Confession therefore, releases us from our transgressions which includes all our errors, mistakes, failings and confusion both those things known or unknown, voluntary and involuntary. Our mind and heart is then set straight by our cooperation with the God so that we learn through love to hear His word and to keep His Commandments. Confession does not only release us from our transgressions but then re-orders us to re-consider who we are before God and our fellow man.
Life and its experiences inevitably teach us of the importance of reflection so that regrets become lessons to protect ourselves and errors become our knowledge through God’s wisdom. This happens by the active engagement of God in our conscience. Confession gives us the opportunity to correct what did not go right and to clear the path for us to come continually closer and closer to God.
When this happens all things are perceived as God’s providence for us. Little things we notice become for us God’s miracle in us and around us.
Confession then is entirely positive. It is for the good and designed to help you not to undermine you and expose you or to leave you guilt ridden. Confession helps to free us to open our hearts to God.
In return God mystically pours his grace on us and heals us through His infinite love.
In contrast to God’s compassion and forgiveness the world sees our imperfections as fixed personality and character flaws that are permanent attributes of our person. This approach quickly leads to judgement. The problem with judgement is that it does not allow another person to escape the misery of his or her failings and errors – and we all have these – we all need God’s help.
What is the purpose of life if we do not allow a person to free themselves of their burden by our compassion and forgiveness? This is what God provides freely to us – to be forgiven. We too then should do the same to others who offend us.

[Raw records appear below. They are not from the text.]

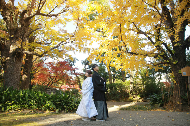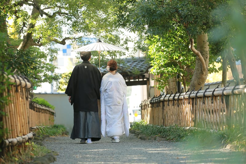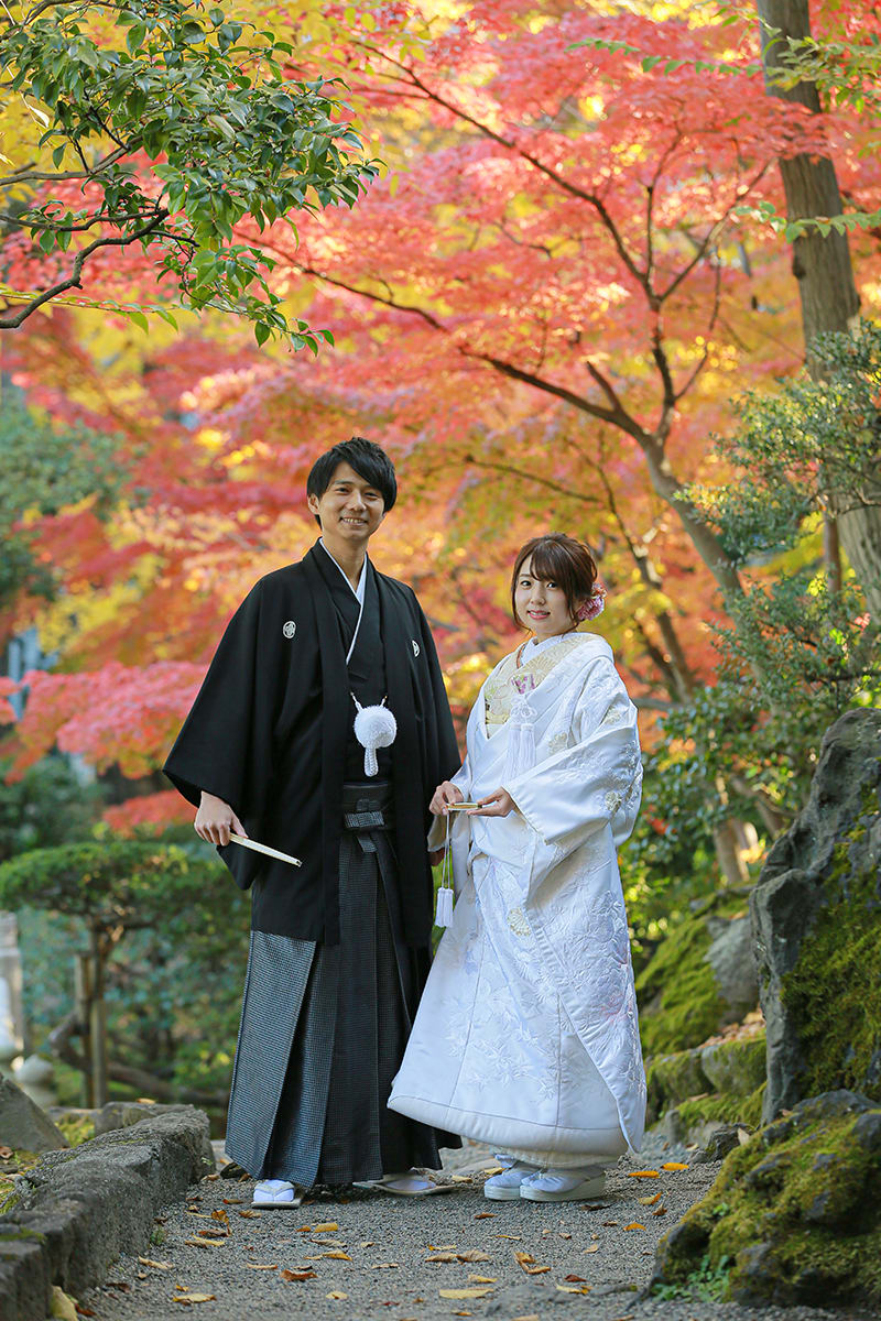 本格日本庭園を再現したスタジオで撮る 和装の結婚写真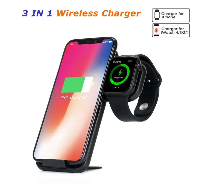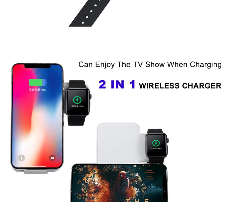 Особенность: одна зарядная док-станция безопасно заряжает для Apple Watch и для устройств с поддержкой Qi одновременно используется для беспроводной зарядки аккумулятора или беспроводного источника питания.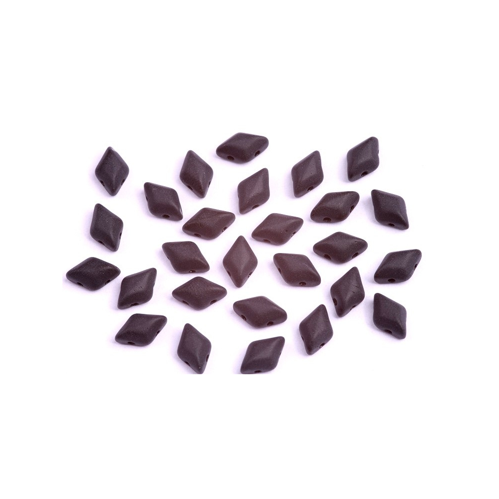 Sametově matný povrch v hlubokém hnědém odstínu evokuje luxusní eleganci a dodává vašemu tvoření neopakovatelný charakter. Každý kosočtverec o rozměru 8x5 mm přesně zapadá do geometrické mozaiky, kterou nejsnáze vytvoříte s korálkovací jehlou velikosti 10-11. Tento unikátní tvar umožňuje vytvářet plastické struktury, které se na světle nelesknou, ale pohlcují ho do své hebké textury, čímž vytvářejí sofistikovaný vizuální dojem.

The world lacks compassion and love for people. This is a disastrous set of circumstances that leads firstly to the condemnation of our fellow man and then it flows into our own hearts. We ultimately condemn ourselves by condemning and judging others. This is not the way of God. This is not the way of the Orthodox Church.
God is interested in always giving us a new start, again and again and again. This is why we always say, Lord have mercy, Lord have mercy, Lord have mercy.